WANG & LU (1998) relataram que a interação entre o óxido de níquel e o suporte é maior nos catalisadores preparados a partir de cloreto e de acetilacetonato do que de nitrato de níquel, o que, por sua vez, afetam a dispersão do níquel e a atividade catalítica. Entretanto, os tamanhos dos cristalitos de níquel, calculados a partir da reflexão Ni(111), com a equação de Scherer (LEMAITRE et al., 1985), são menores quando o catalisador é preparado com nitrato que com os outros dois sais, confirmando assim uma dispersão mais elevada.

CHEN et al. (1988) avaliaram o efeito do sal precursor e observaram que o tamanho das partículas de óxido de níquel no catalisador de Ni/γ-Al2O3 preparado a partir de

nitrato de níquel é menor que o preparado a partir de outros sais, concluindo que o nitrato de níquel é melhor para garantir uma alta dispersão e uma grande superfície de óxido de níquel suportado.
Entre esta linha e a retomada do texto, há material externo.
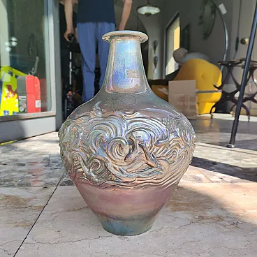 Model and enamelled entirely by hand, the vase has an iridescent luster surface that captures the light by restoring delicate pearly shades of pink, aquamarine, sage green and ancient gold reflections. A rich relief of stylized waves envelops the central part, creating a dynamic play of lights and shadows and giving the object a pleasant tactile depth.
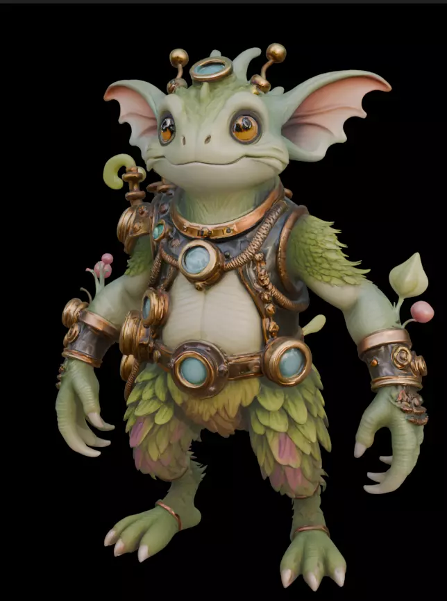Featuring expressive eyes, leaf-textured limbs, bioluminescent sprouts, and ornate brass mechanisms with gemstone inlays, this model is perfect for 3D printing, animation projects, collectible figures, tabletop RPGs, concept art, or game prototyping.The sculpt is clean, polished, and production-ready, offering excellent detail while maintaining friendly, approachable proportions.
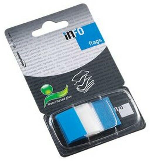 Jelölőcímke, GLN Info Flags 25x43mm, 50 lap, transzparens/kék.
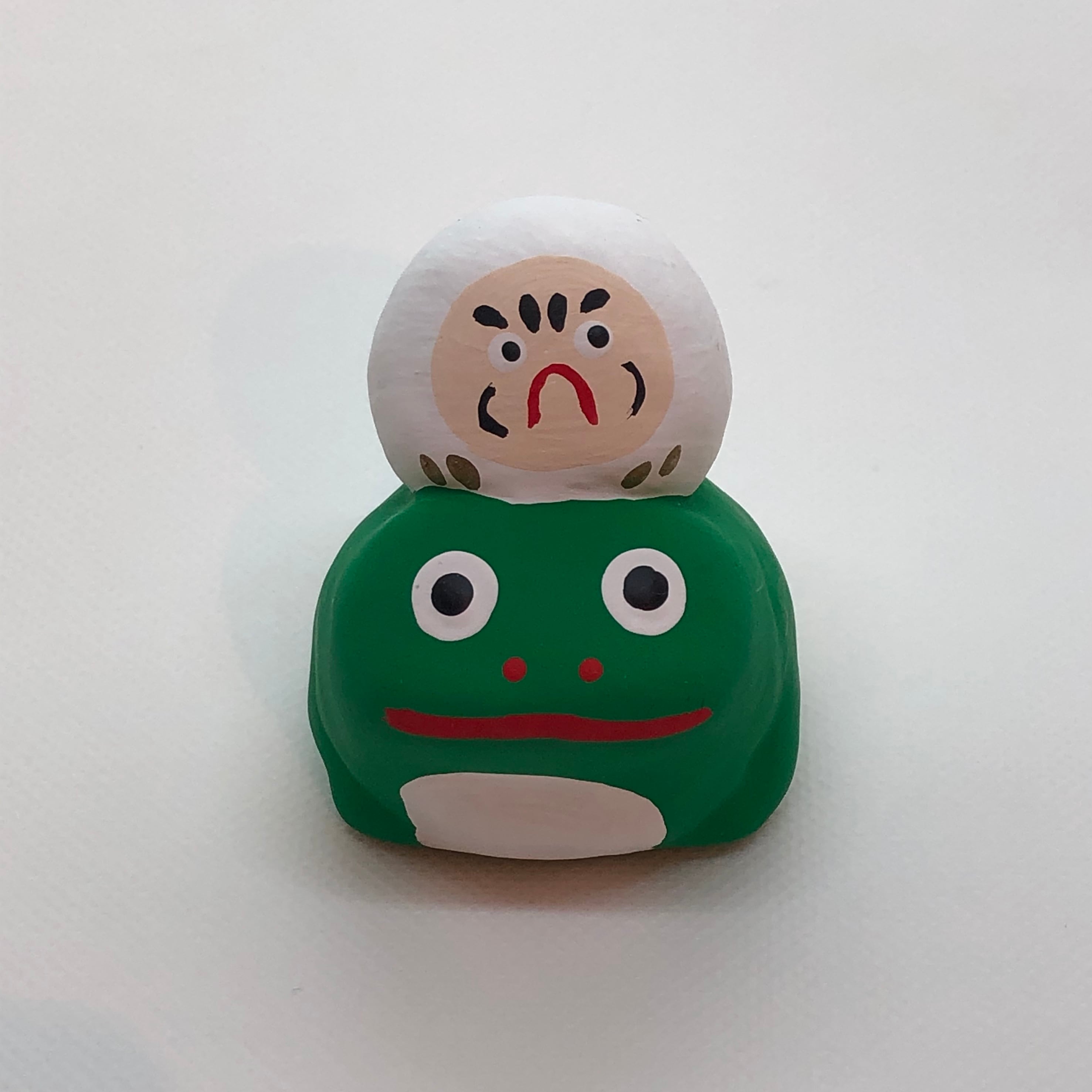 カエルの上にだるまが乗った置物です。
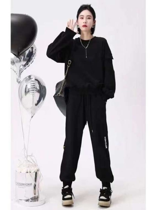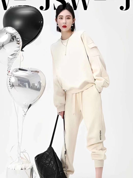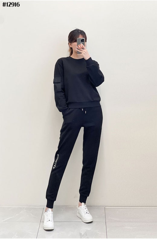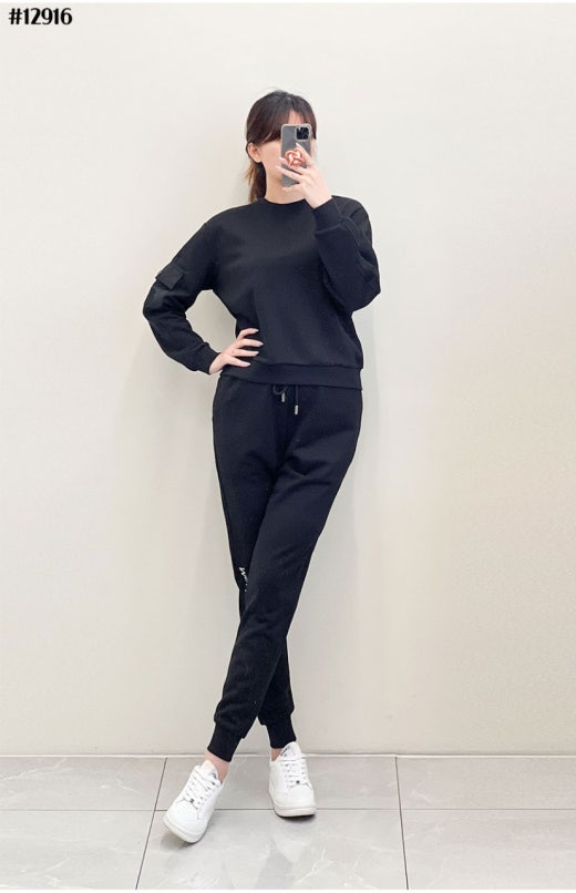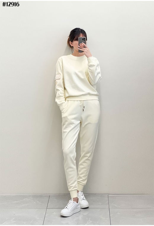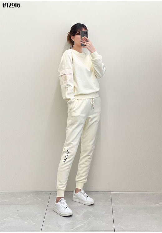 몽클레어 레터링 자수 로고 포켓 맨투맨 & 조거 팬츠 셋 여성용(2컬러)
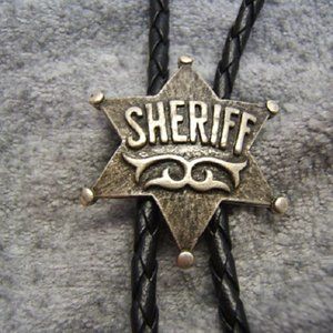 COPY - Western Pewter Antiqued Sheriff Badge Bolo Tie
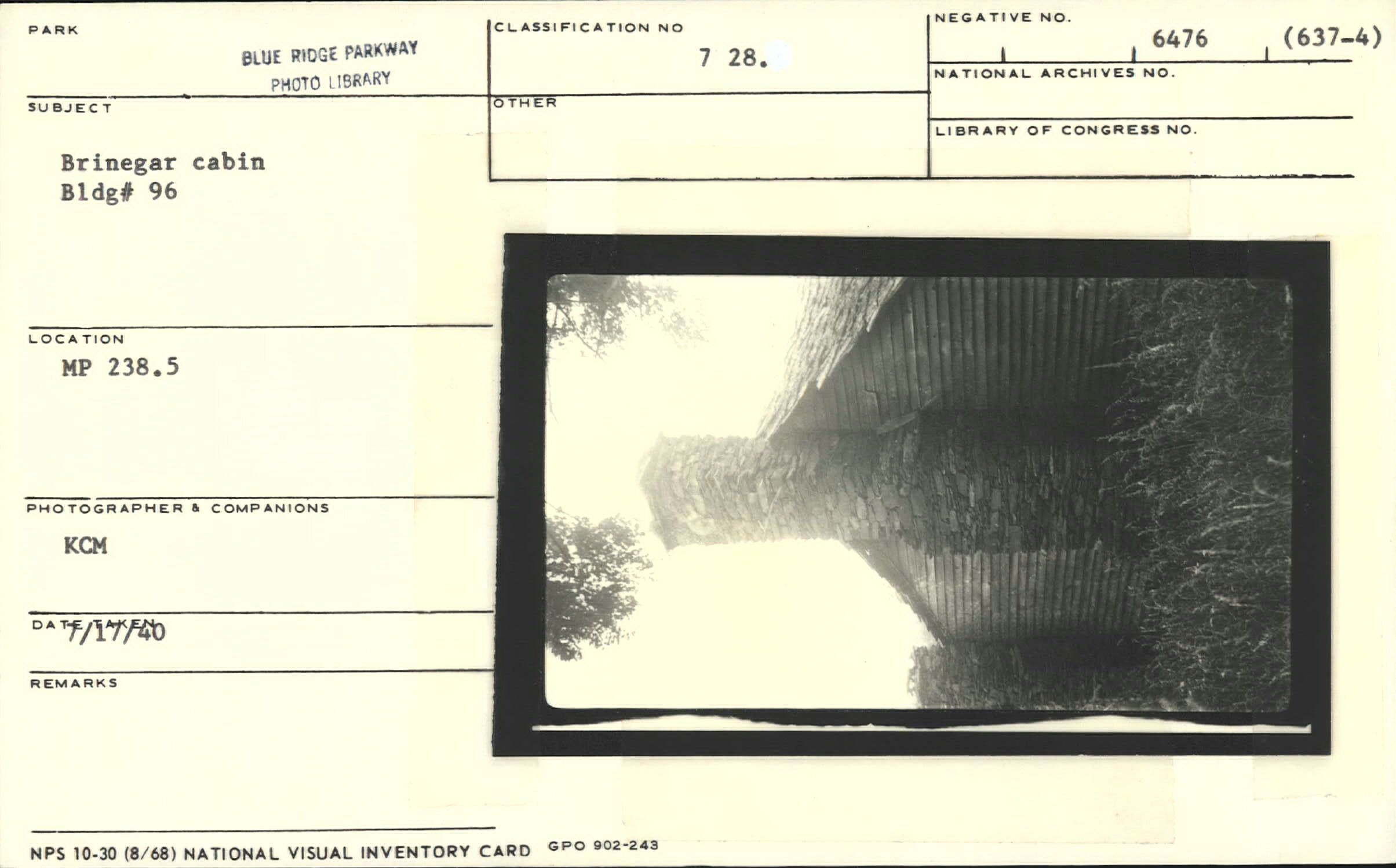 Brinegar Cabin, Bldg. #96
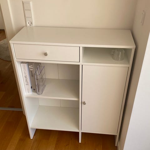 Super fint IKEA HAUGA skænk i hvid med nye greb i lyserød. Står fint med lidt brugsspor. Købt i 2022. Hurtig afhentning prioriteres.
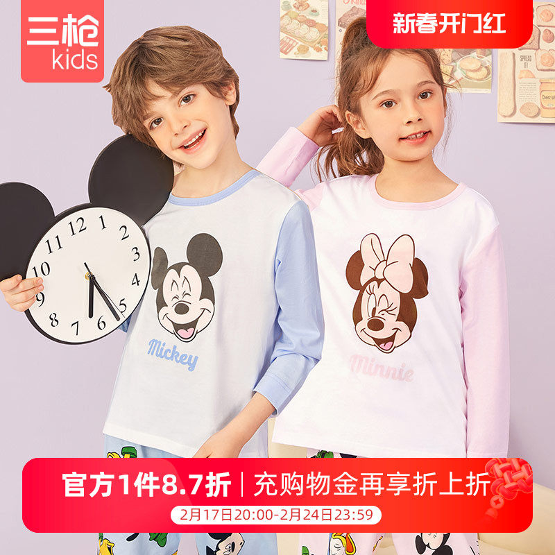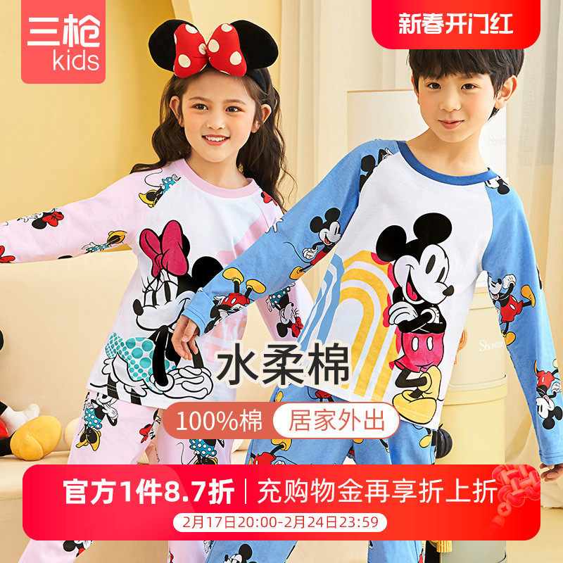 三枪儿童家居服套装男女童空调服迪士尼米奇米妮纯棉睡衣短袖短裤
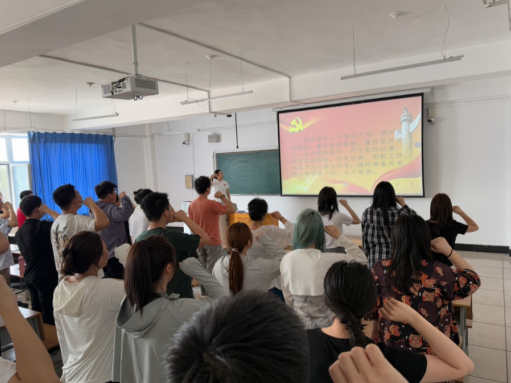 “我志愿加入中国共产党,拥护党的纲领,遵守党的章程……”在学生党支部书记赵书玉老师的领誓下,全体2025届毕业生党员举起右拳,齐声重温入党誓词。字字千钧的誓词回荡在活动现场,不仅唤醒了党员们入党时的神圣承诺,更让大家深刻认识到,作为新时代青年党员,需始终将个人理想与国家前途、民族命运紧密结合,以实际行动践行“为中国人民谋幸福、为中华民族谋复兴”的初心和使命。
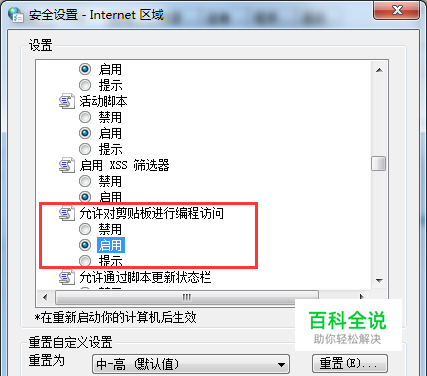 找到如图中的位置 把允许对剪贴板进行编程访问选项改为启用。 然后确定。
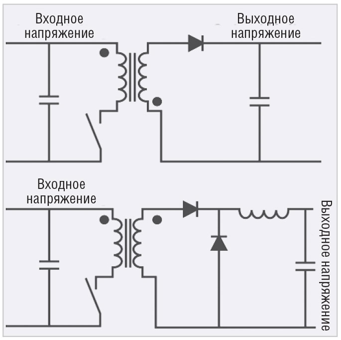Этот преобразователь прост в изготовлении, но требует относительно больших трансформаторов для хранения всей энергии, необходимой для правильной работы. Такая особенность ограничивает топологию более низкими уровнями мощности. На рис. 6 вверху показан обратноходовой преобразователь, а внизу – прямой преобразователь.
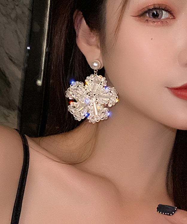 Elegant Gold Sterling Silver Floral Zircon Pearl Coloured Glaze Hoop Earrings LY1799
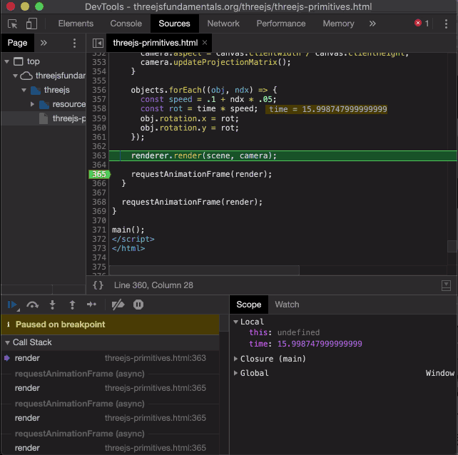 my call to renderer.render(scene, camera) and then start expanding
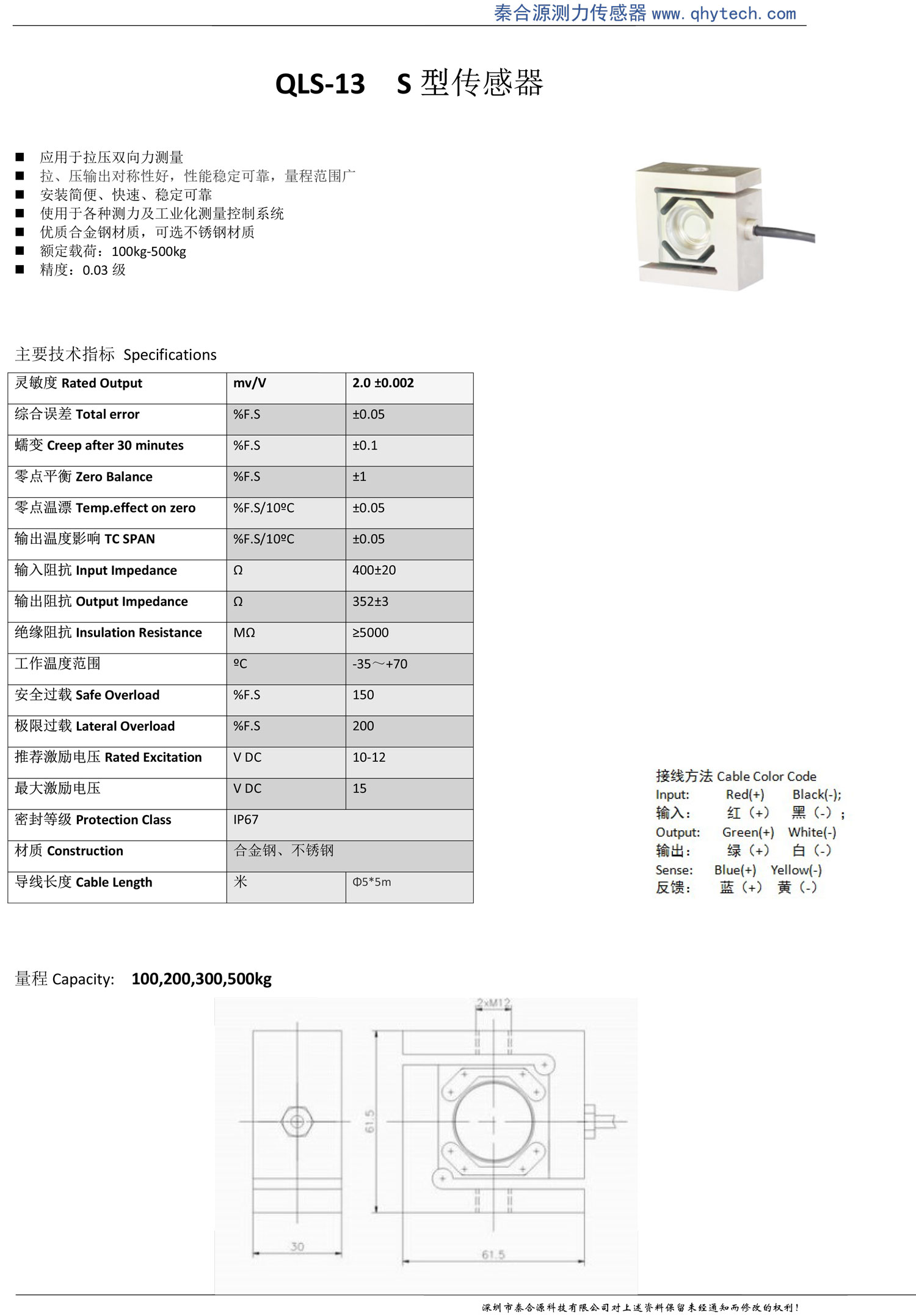 產品名稱:QLS-13 雙向測力傳感器100kg-500kg

WANG & LU (1998) reportaram que a elevada razão Ni/Al, determinada através de XPS13_{, indica a existência de uma maior quantidade de sítios de Ni, quando o catalisador}

Ni/γ-Al2O3 usa como sal precursor o nitrato de níquel. Determinaram ainda que, usando o

catalisador de Ni/γ-Al2O3 na reforma do metano com CO2, qualquer que seja o sal precursor,

as conversões de CH4 e de CO2 aumentam com a temperatura, mas tal conversão se mostra

maior quando o sal precursor é o nitrato de níquel, chegando a se aproximar dos valores do equilíbrio termodinâmico. Há um indício reportado por RUCKENSTEIN & HU (1996) de que esta conversão pode ser atribuída ao grande número de grupos (ensembles) de níquel atômico. Entretanto, como esses grupos também são grandes, a deposição de carbono tenderia a ser mais intensa.

A caracterização do catalisador preparado a partir do nitrato de níquel (WANG & LU, 1998) permitiu observar uma fraca interação entre as partículas de Ni e a γ-Al2O3,

resultando em mais sítios ativos de Ni, tendo este fato sido também observado por TURLIER & MARTIN (1982) anteriormente.